Выбрать главу

Потому и Хвойку власти сочли было за одного из «сельских императоров». Но очень скоро, убедившись в ошибке, отпустили его на все четыре стороны. Тем не менее в литературе до недавнего времени сохранялось мнение, что этот «бунтарь поневоле» сыграл в хлумецких событиях чуть ли не решающую роль. Характерно, что с таким пониманием автору этой книги довелось столкнуться еще в сентябре 1986 г., когда вместе с известным чешским историком Й. Петранем и этнографом Л. Петраневой мы побывали в деревне Роуднице. Местные жители показали подворье (строение № 20), некогда принадлежавшее Яну Хвойке (его по привычке именуют здесь «bouřlivec», т. е. бунтарь, буян).

Так думал и Кернер. Понятно, что ему, добросовестному хронисту, было сложно в таких условиях обосновать свою догадку. «Разве что для этого он по многим причинам имел какие-то основания», — замечал о поведении «смелого парня» автор «Хроники». Теперь, после исследований чехословацких историков, выяснена ничтожная доля участия Хвойки в событиях 1775 г. В соответствии с этим смущавшие Й. Кернера опасения полностью отпадают: «смелый парень» вовсе и не собирался передавать Яну Хвойке «предводительский жезл». Более того, очищенная новейшими исследованиями от сомнений, терзавших кратоножского священника, его догадка обрела новую жизнь: «смелый парень» Яна Хвойки и «изгнанный русский принц» градецкого письма — это действительно, скорее всего, один и тот же персонаж. И все же «русский принц» — реальность или вымысел? «Нельзя исключать, — полагал Я. Вавра, — что в возбужденной обстановке тех мятежных дней кто-то из повстанцев объявил себя „изгнанным русским принцем “, что он встал как самозванец во главе целого отряда. Вместе с тем, вероятнее всего, что взвинченная фантазия обездоленного и отчаявшегося народа, который поднялся на восстание, создала в качестве предводителя одного из отрядов образ „русского принца“, который добровольно явился, чтобы пожертвовать собой в борьбе за свободу чешского народа, как и его отец пожертвовал собой в борьбе за свободу народа русского» [200, с. 154].

Вывод интересный, во многом справедливый, но не бесспорный и оставляющий без ответа или недостаточно обосновывающий ряд существенных вопросов. Так, автор исходит из предположения, что самозванный «русский принц» был либо реальным лицом, либо, скорее всего, порождением народной фантазии. Но при этом он отрицает наличие в чешской народной среде славянского сознания (не поясняя, какой смысл он вкладывает в этот термин). Но почему в таком случае народная фантазия назвала «изгнанного принца» русским, а, скажем, не французом, голландцем, немцем или представителем еще какой-либо национальности? И чьим, собственно, «сыном» могли его воспринимать?

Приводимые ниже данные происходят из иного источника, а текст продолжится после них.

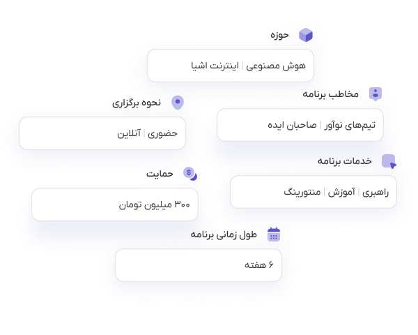 بعد از انتخاب برنامه مورد نظر، کافیه فرم ثبت طرح را تکمیل کنید و برای نهاد نوآوری یا رویداد مورد نظرتون ارسال کنید. در طی فرایند ارزیابی میتوانید از آخرین وضعیت طرحتون مطلع باشید و مشاهده کنید که طرحتان در چه مرحلهای از فرایند ارزیابی هست.

Думается, что дихотомия — «либо реальное лицо, либо фантазия» — едва ли вообще применима при анализе такого круга материалов. Ведь история самозванчества свидетельствует, что за самыми неожиданными, порой фантастическими версиями, порожденными народным мировоззрением, всегда в конечном счете стоят в преобразованном виде какие-то исторические реалии и действительно существовавшие лица — либо как индивидуальности, либо как обобщенные персонажи. И за информацией о появлении «русского принца» мог скрываться конкретный или собирательный образ повстанческого вожака, апеллировавшего не только к социальным, но и к национальным настроениям крестьян, во главе которых он встал.

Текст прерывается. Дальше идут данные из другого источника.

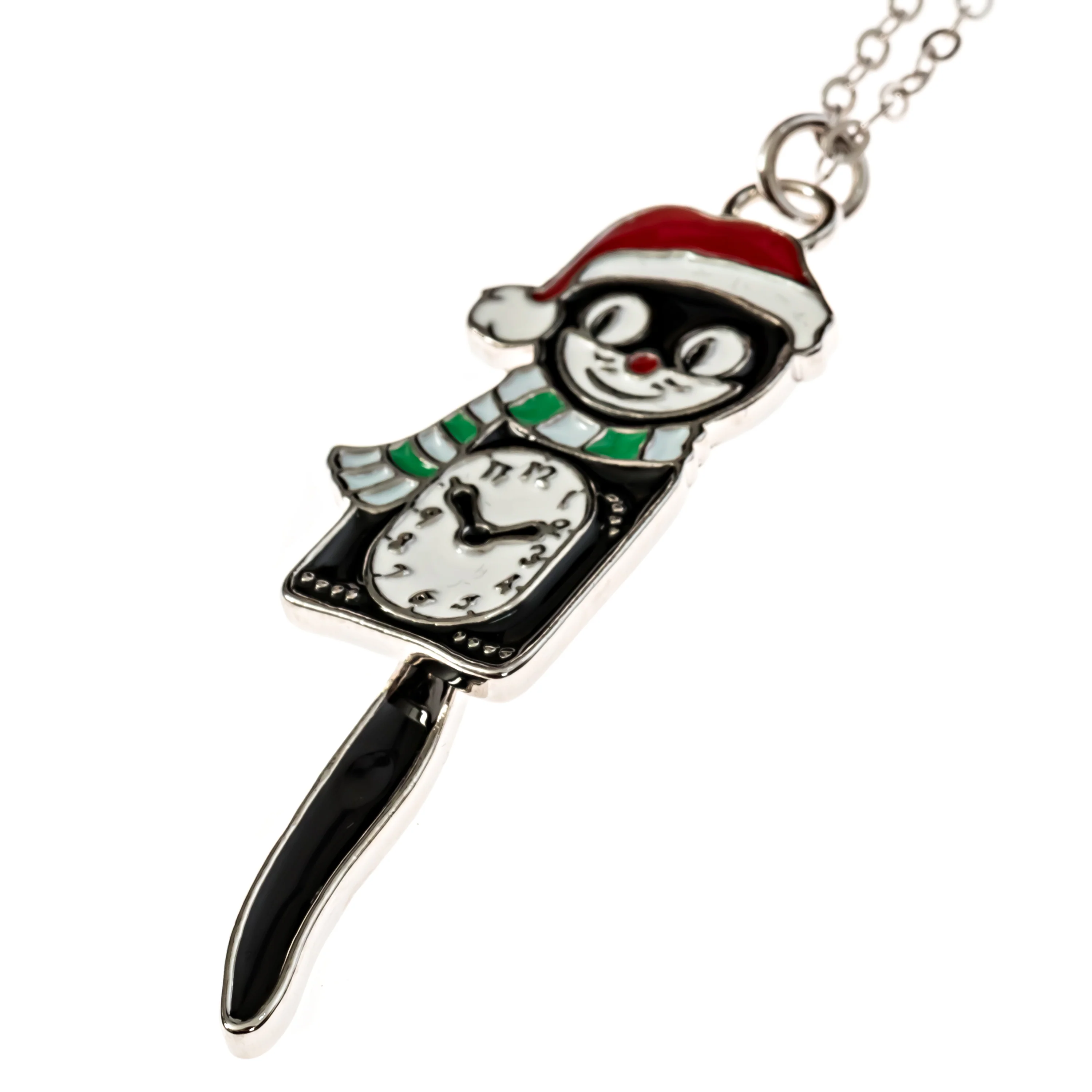 A high quality necklace featuring Kit-Cat Klock in festive Christmas attire.

Жизненность такого образа основывалась на традициях чешской народной литературы и фольклора. О скором явлении героя-избавителя, например, трактовали восходившие еще к XV в. так называемые «королевские повести» и «пророчества». В невыносимо трудной для чешского народа обстановке XVII в., связанной с утратой государственной независимости, войнами и разорением страны, проведением Габсбургами политики контрреформации и жестокого преследования «еретиков», эти жанры оживают вновь. Популярность, в частности, приобретают «пророчества», создававшиеся и распространявшиеся противниками католицизма. В XVIII в. «пророчества» и «королевские повести» получили дальнейшее распространение не только в протестантской и сектантской, но и в более широкой, формально католической, чешской сельской и городской народной среде. «Королевская повесть, — отмечал известный чехословацкий литературовед Й. Грабак, — иногда соединялась с пророчеством о короле Марокане, которое в какой-то форме циркулировало в народе уже в эпоху крестьянского восстания 1775 г. и накануне вторжения прусского короля Фридриха в 1778 г.» (176, с. 482).